Thermodynamic heterogeneity patterns reveal higher-order soil organization in indigenous agroecosystems of the U.S. Southwest

Trevan Flynn 

Soil spatial heterogeneity and diversity support the stability and productivity of food systems, yet their multidimensional structure remains difficult to quantify at spatial scales relevant to agricultural resilience. A process-based framework grounded in fundamental physical principles is therefore needed to describe these spatial processes across landscapes. The aim of this study was to develop a mechanistic three-dimensional thermodynamic pedodiversity index constrained by physical continuity. The framework was applied to ancestral and contemporary indigenous agroecosystems of the U.S. Southwest. Eight gridded soil properties were transformed into thermodynamic exergy states using a three-dimensional biweight multi-pass convolution applied across spatial directions, with the surface layer subject to atmospheric forcing. Local inverse Moran’s I was then calculated to quantify the pedodiversity patterns. Linking thermodynamic principles to the landscape scale revealed that long-term crop production aligns with structured pedodiversity patterns rather than with pedodiversity magnitude alone.

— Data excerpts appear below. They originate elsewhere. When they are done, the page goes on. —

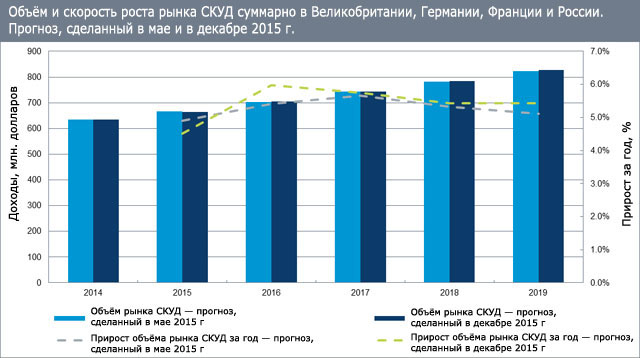 Значительной коррекции подвергся прогноз по Франции — скорость ежегодного роста рынка СКУД между 2015 и 2019 годами ожидается здесь на уровне 5.0%, а не 3.9%, как предполагалось ранее. В России этот показатель поправлен в другую сторону — с 2.6 до 0.3%. Взгляды на будущее рынков Германии и Великобритании не изменились.
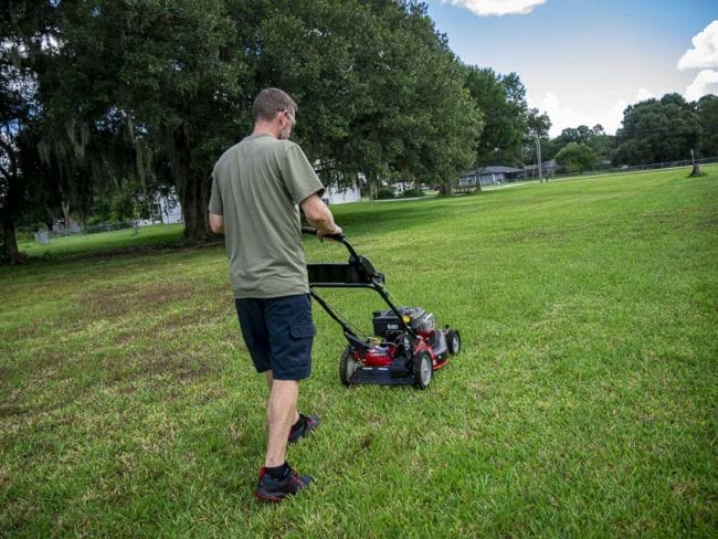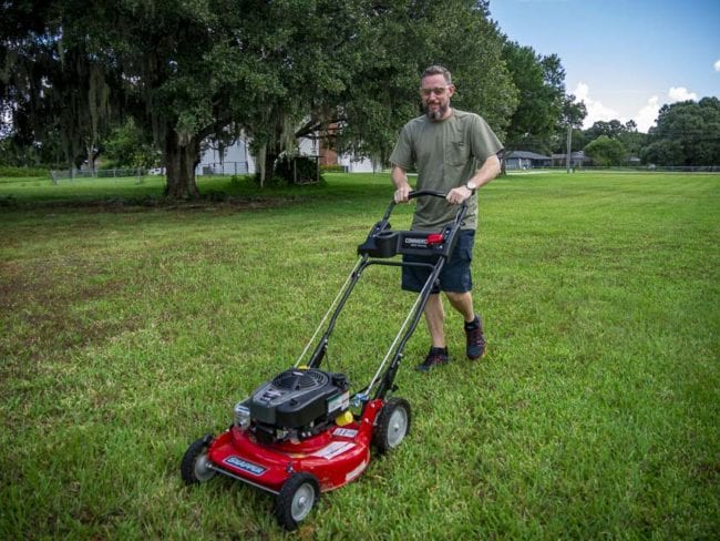 We threw this mower into our torture test, where we cut a straight line into 5 weeksโ worth of grass growth and walking at a consistent 2.5 MPH. When the mower quit, we measured the distance.
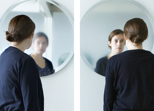 Corwyn Lund Vaseline Lens #1 (Self/Other) Low-iron glass, mirror silvering 2 pieces, each 28.5” diameter Edition of 3 + 1 AP 2011
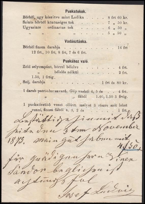 Beschreibung: 1879 Pest, Ludwig József puskaműves árjegyzéke fegyverekről és vadászati szerekről, hátoldalán kézírással, Ludwig József sajátkezű aláírásával.
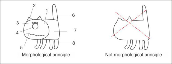 Drawing carefully each morphological element of the sign from the viewpoint of function.
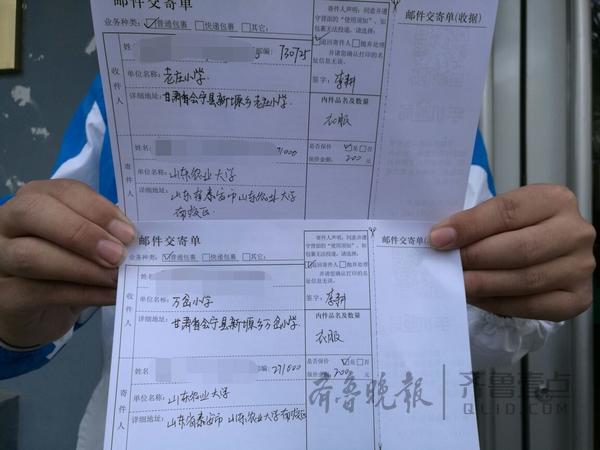 活动现场,来自山东科技大学、山东农业大学、山东财经大学东方学院的学生,将收到的衣物,分别打包后,运到邮局,寄往甘肃的两所学校。山东农业大学学生李耕介绍,在暑假期间,他参与了西部支教活动,在甘肃会宁地区,那里的孩子们穿着朴素,家庭条件困难,需要大家的帮助。“回学校之后,我把相关情况和同学说了,大家一致同学,把旧衣物拿出来,捐给他们。”
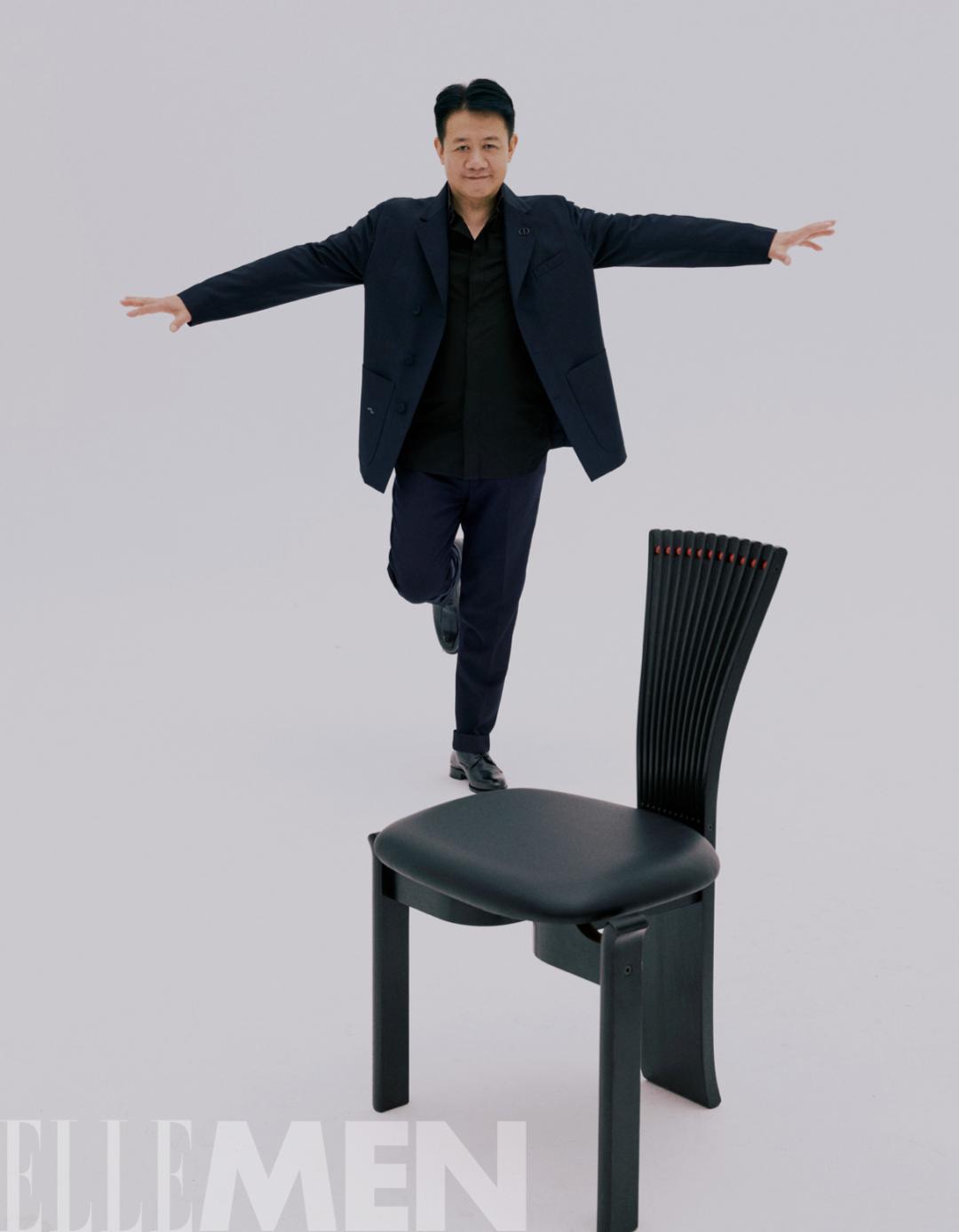 深蓝色羊毛西装外套和黑色棉质衬衫 均为Dior
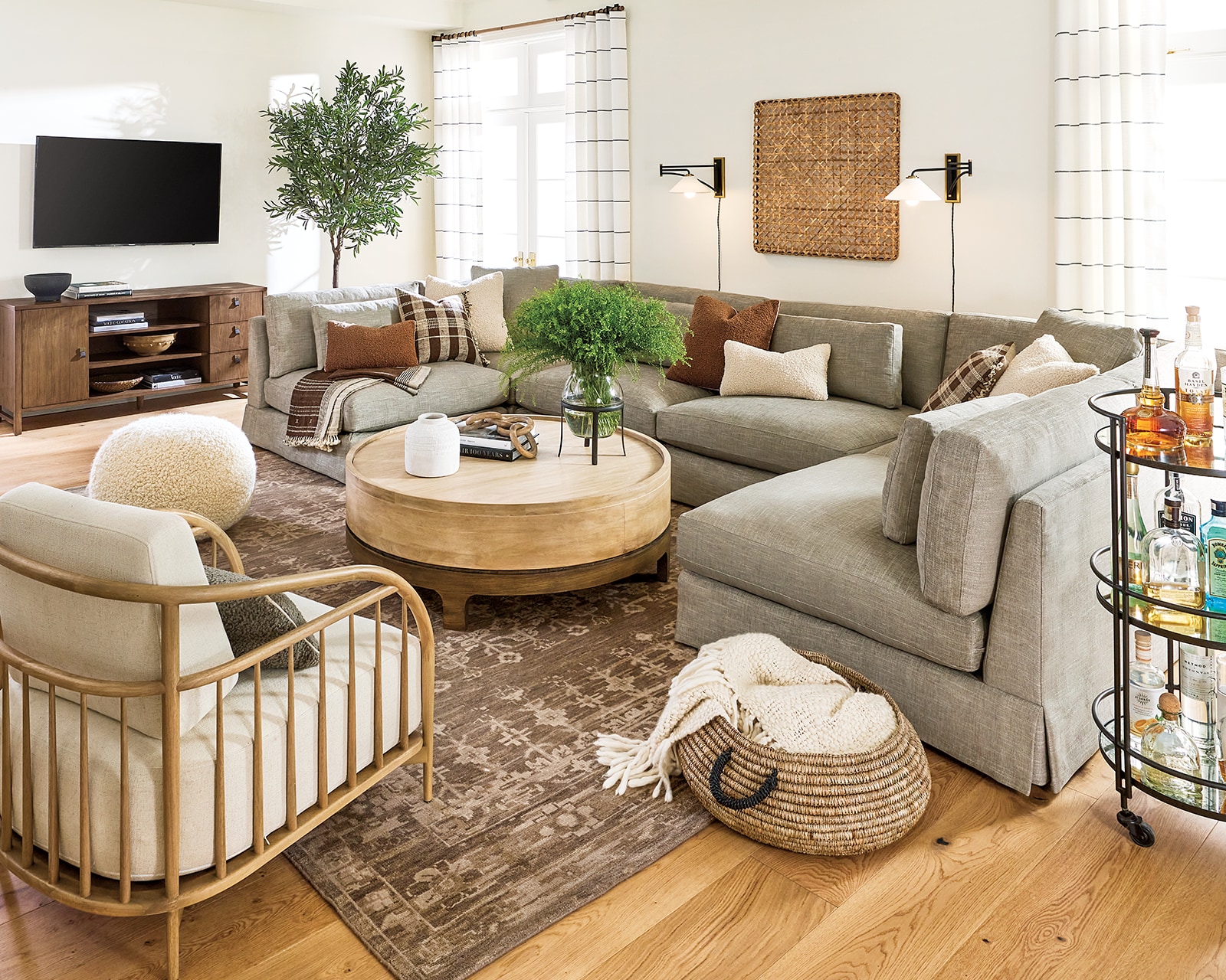 This is a great point, and something we will add to our list of future blog post ideas: we wanted to focus this particular post on the variety of arrangement options for a living room’s primary anchor furniture (sofas, accent chairs, end tables, etc.). However, since TV’s and entertainment centers are a vital part of most living room designs, we will also cover how that could function in the layout of a space as well.
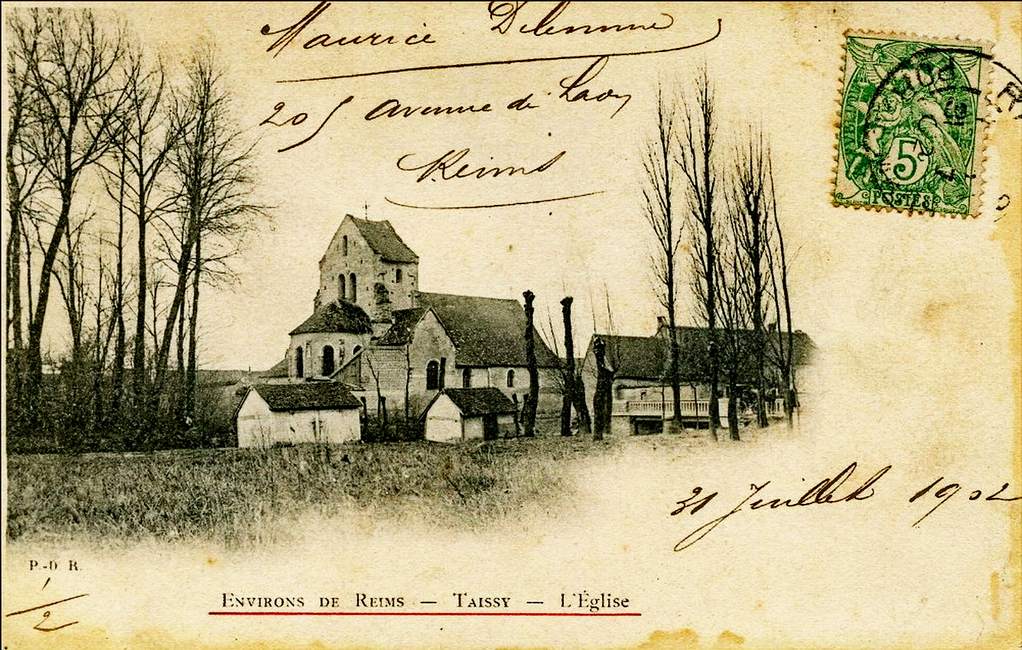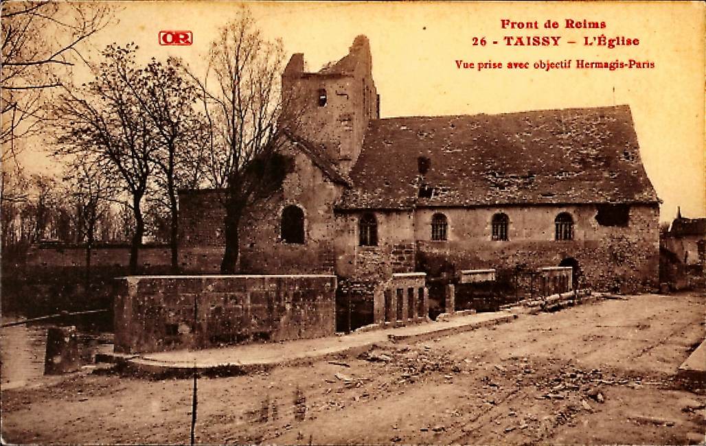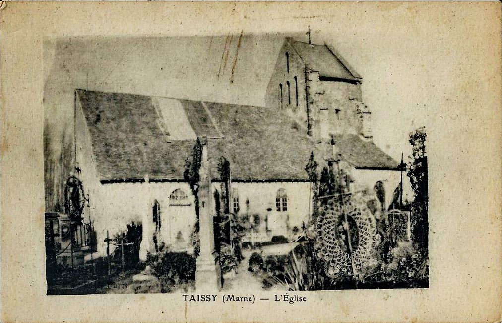Implantée en bord de la Vesle et entourée de son cimetière, l’Église Notre-Dame de Taissy, est édifiée au XII° siècle. De style roman, construite sur le plan de croix latine, sa nef à trois vaisseaux est éclairée par une série de vitraux des années 1930. Comme beaucoup d’autre bâtiments de la région, elle subit de fortes dégradations lors du 1er conflit mondial (et 2nd), son son clocher et le cœur, entres autres, sont sérieusement endommagés.
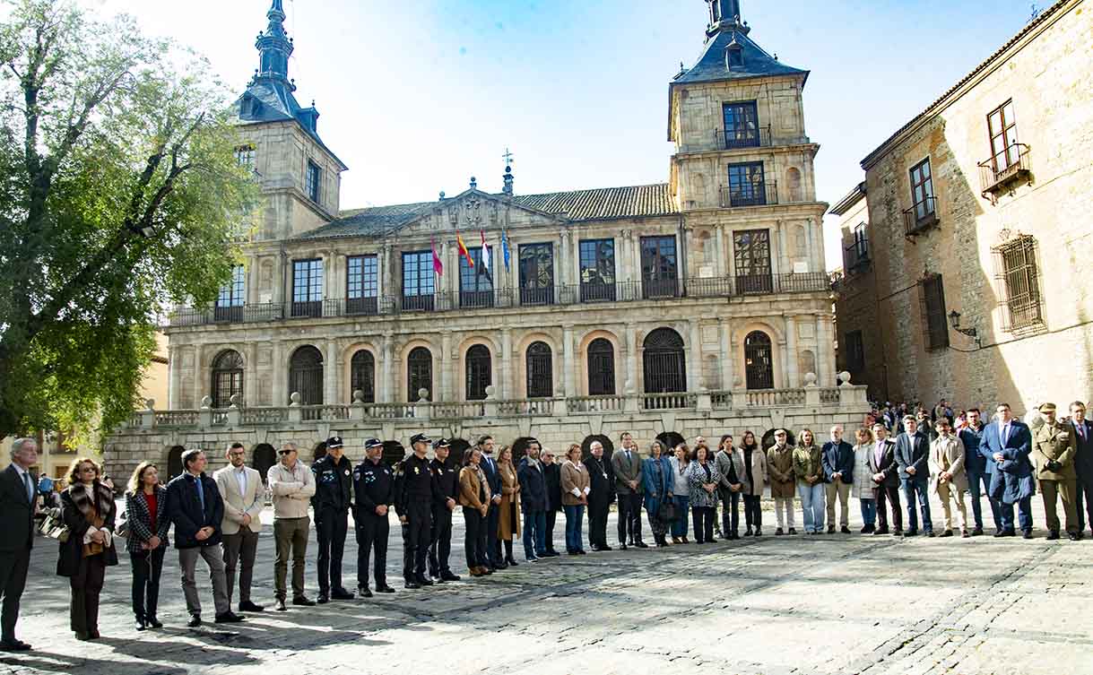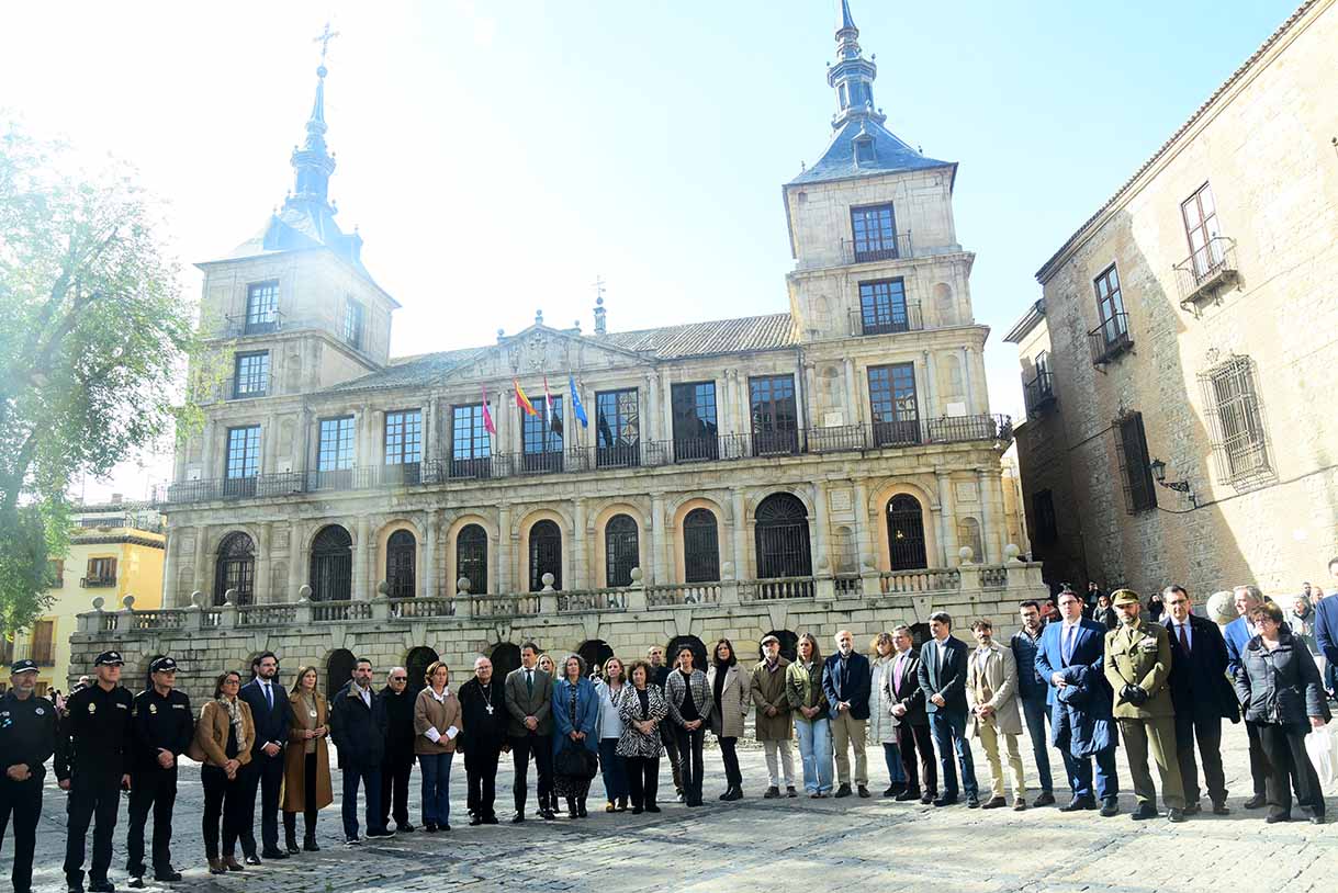 Minuto de silencio por las víctimas de la DANA ante el Ayuntamiento de Toledo. Foto: Rebeca Arango.
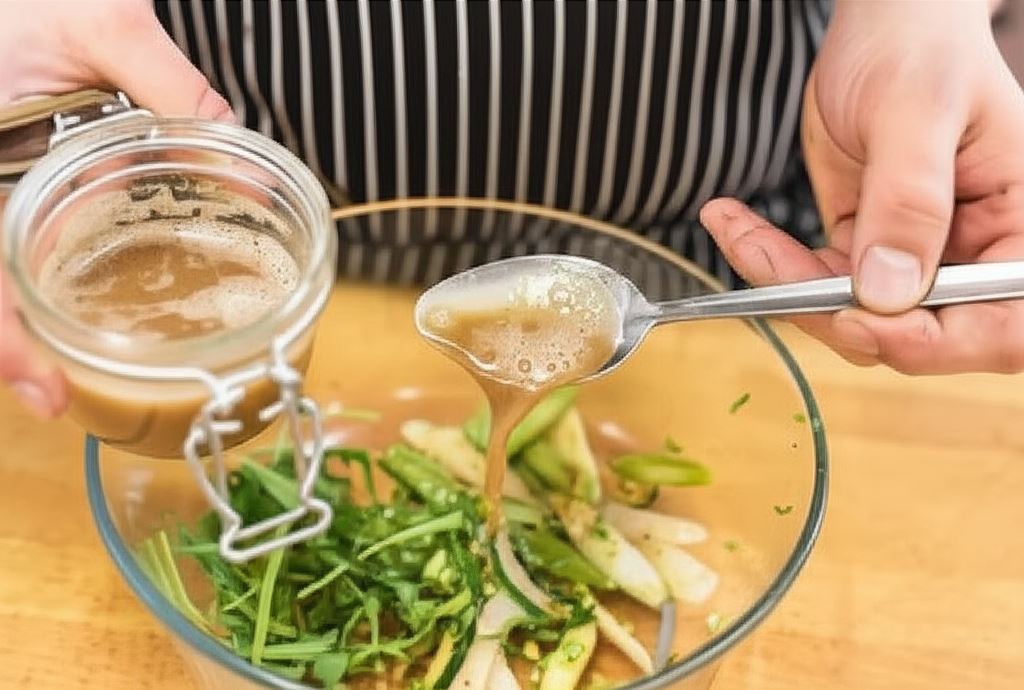 Sporządź dressing: do słoiczka wlej wodę, ocet, miód, oliwę i musztardę. Wsyp szczyptę soli oraz świeżo zmielonego pieprzu. Słoiczek dokładnie zamknij i energicznie wstrząsając połącz składniki sosu.
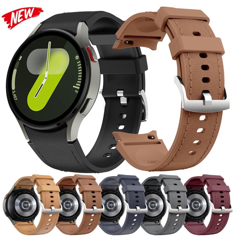 No Gap Silicone+Leather Strap for Samsung Galaxy Watch 7 6 5 4 FE 40mm 44mm Bracelet Wristband Watch 6 4 Classic 43/47mm 42/46mm

Persistent Hopi dryland agriculture corresponded with moderately to highly organized pedodiversity patterns, whereas more specialized Navajo pastoral systems occurred in landscapes characterized by lower pedodiversity organization. These results suggest that pedodiversity represents only one component of soil resilience and multifunctionality. Higher-order spatial processes, interpreted alongside indigenous ecological knowledge, are necessary to understand how soils support sustained agroecosystems. Integrating process-based applied mathematics with Indigenous knowledge systems may therefore provide a pathway toward identifying higher-order functions capable of inferring soil resilience and multifunctionality.